Task statement: Exact duplicates of the lines from the top of the data through the line containing "Flamingo Gardens & Wildlife Sanctuary" are needed, with every picture left out.

Source records:
------------------------------------------------

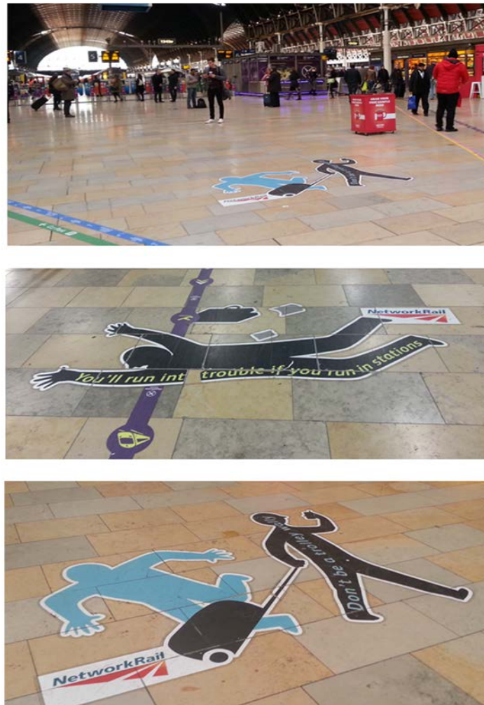
Fig. 2. Floor signage (Paddington Station)
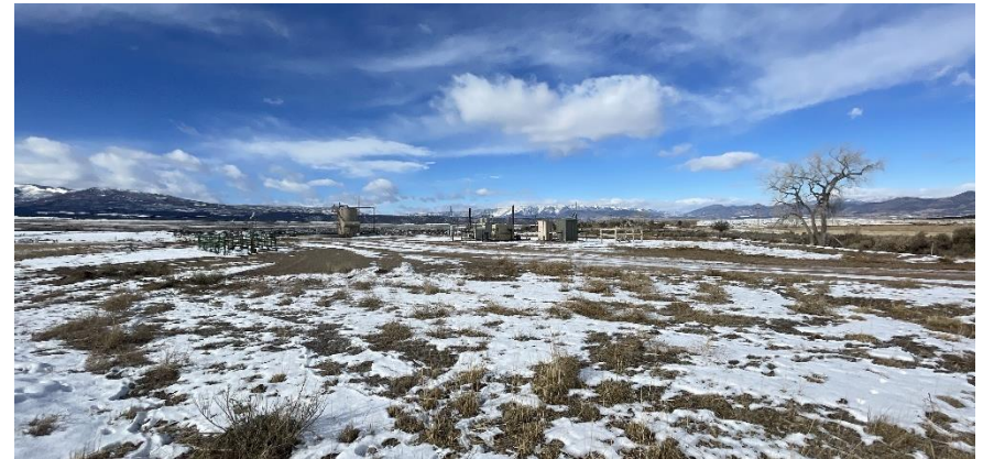
South East corner of location.
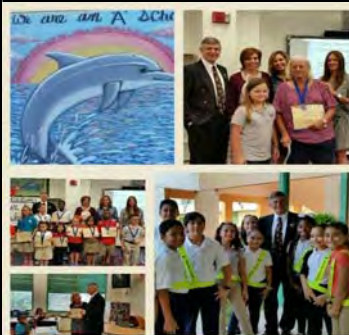
COFFEE 'N CONVERSATION @ WHIGHAM EL
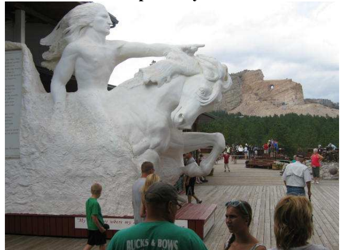
Museum rendering - finished statue
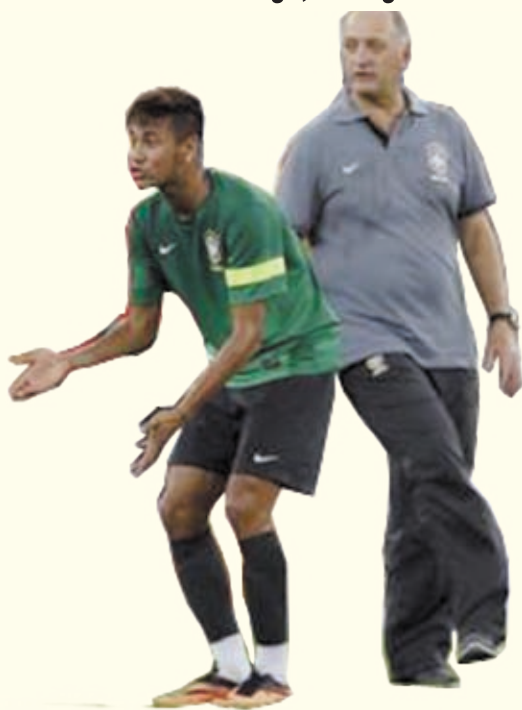
Brazil's Neymar and coach Luiz Felipe Scolari take part in a training session at Maracana stadium in Rio de Janeiro on 29 June, 2013. Brazil will play against Spain in their Confederations Cup final soccer match on Sunday.

prove it to the Brazilian crowds who have been fantastic and supported us so much." Scolari guided Brazil to their fifth World Cup final success over Germany in Yokohama on 30 June, 2002, and, although he said he did not live in the past or know the dates of all his successes, he would natu-
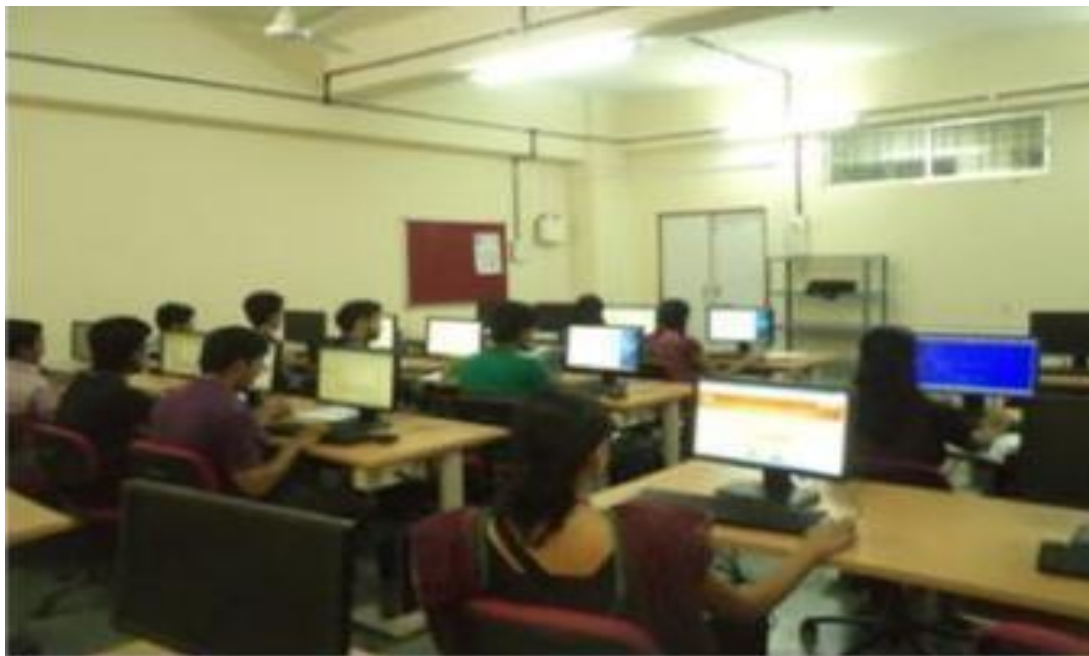
Software Engineering Laboratory
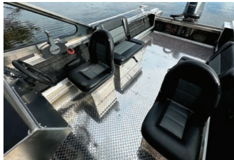
20' Skagit Windshield*
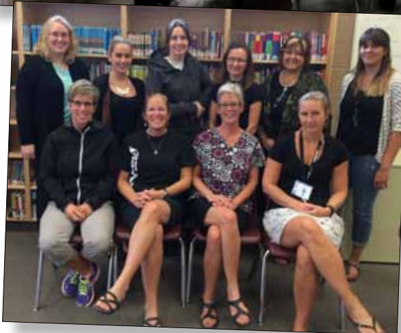
▲ Birds Creek
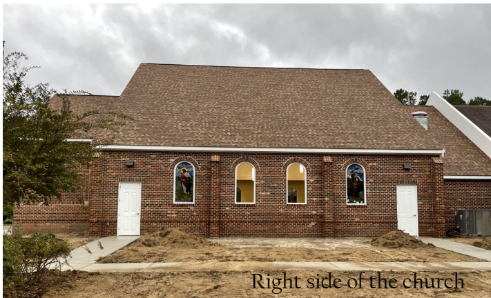
Right side of the church
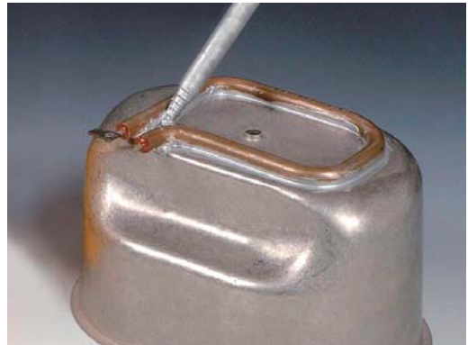
Aremco-Bond™ 568 bonds copper coil.
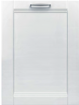
SHV9PCM3N Custom Panel

PowerControl™ spray arm targets your dirtiest dishes with a deeper clean, no matter where you load them on the bottom rack.
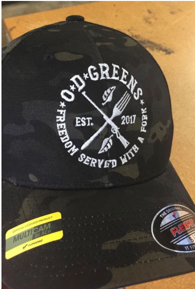
ODG Flexback Hat
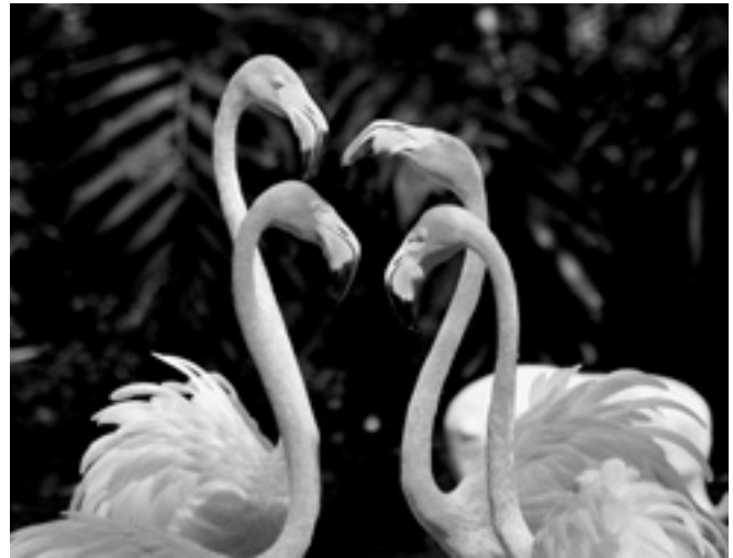
Flamingo Gardens & Wildlife Sanctuary

Samson et Dalila by Camille Saint-Saëns. Performed in French with English and Spanish translations. 8 p.m. Florida Grand Opera. Broward Center for the Performing Arts. 954-462-0222.
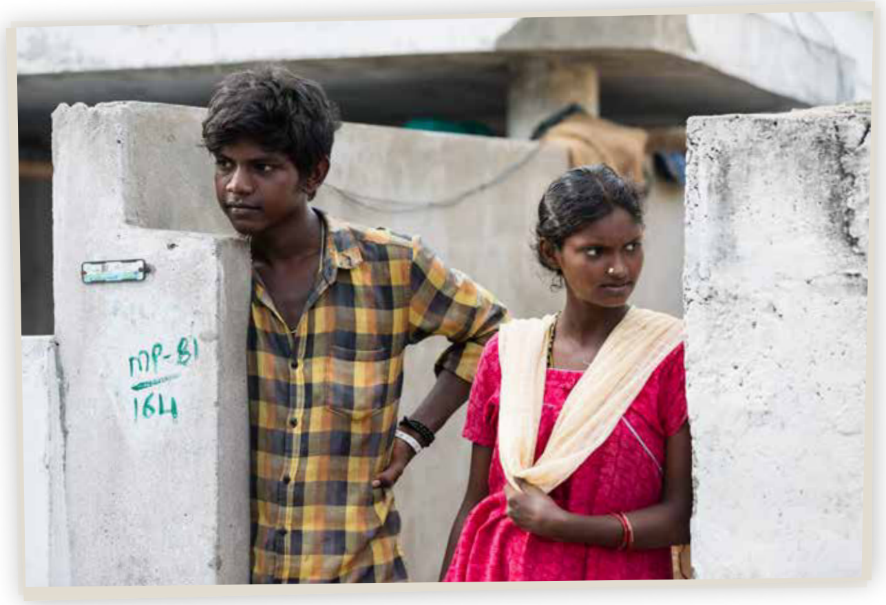
The support of foreign partners for projects in India has been under increased scrutiny for some time. Therefore, we no longer show pictures or people from our projects, but use general images depicting the country.

Over the course of the year, wortundtat has started working with three other organisations in India. This co-operation has been restricted to a limited period of time from the outset. The reporting on our work on these projects is intentionally low-key and more muted compared to the past. We do not want to get the aid workers in India and their organisations into trouble, and we aim to protect the recipients of aid from any reprisals.

------------------------------------------------

Answer space:
Fig. 2. Floor signage (Paddington Station)
South East corner of location.
COFFEE 'N CONVERSATION @ WHIGHAM EL
Museum rendering - finished statue
Brazil's Neymar and coach Luiz Felipe Scolari take part in a training session at Maracana stadium in Rio de Janeiro on 29 June, 2013. Brazil will play against Spain in their Confederations Cup final soccer match on Sunday.

prove it to the Brazilian crowds who have been fantastic and supported us so much." Scolari guided Brazil to their fifth World Cup final success over Germany in Yokohama on 30 June, 2002, and, although he said he did not live in the past or know the dates of all his successes, he would natu-
Software Engineering Laboratory
20' Skagit Windshield*
▲ Birds Creek
Right side of the church
Aremco-Bond™ 568 bonds copper coil.
SHV9PCM3N Custom Panel

PowerControl™ spray arm targets your dirtiest dishes with a deeper clean, no matter where you load them on the bottom rack.
ODG Flexback Hat
Flamingo Gardens & Wildlife Sanctuary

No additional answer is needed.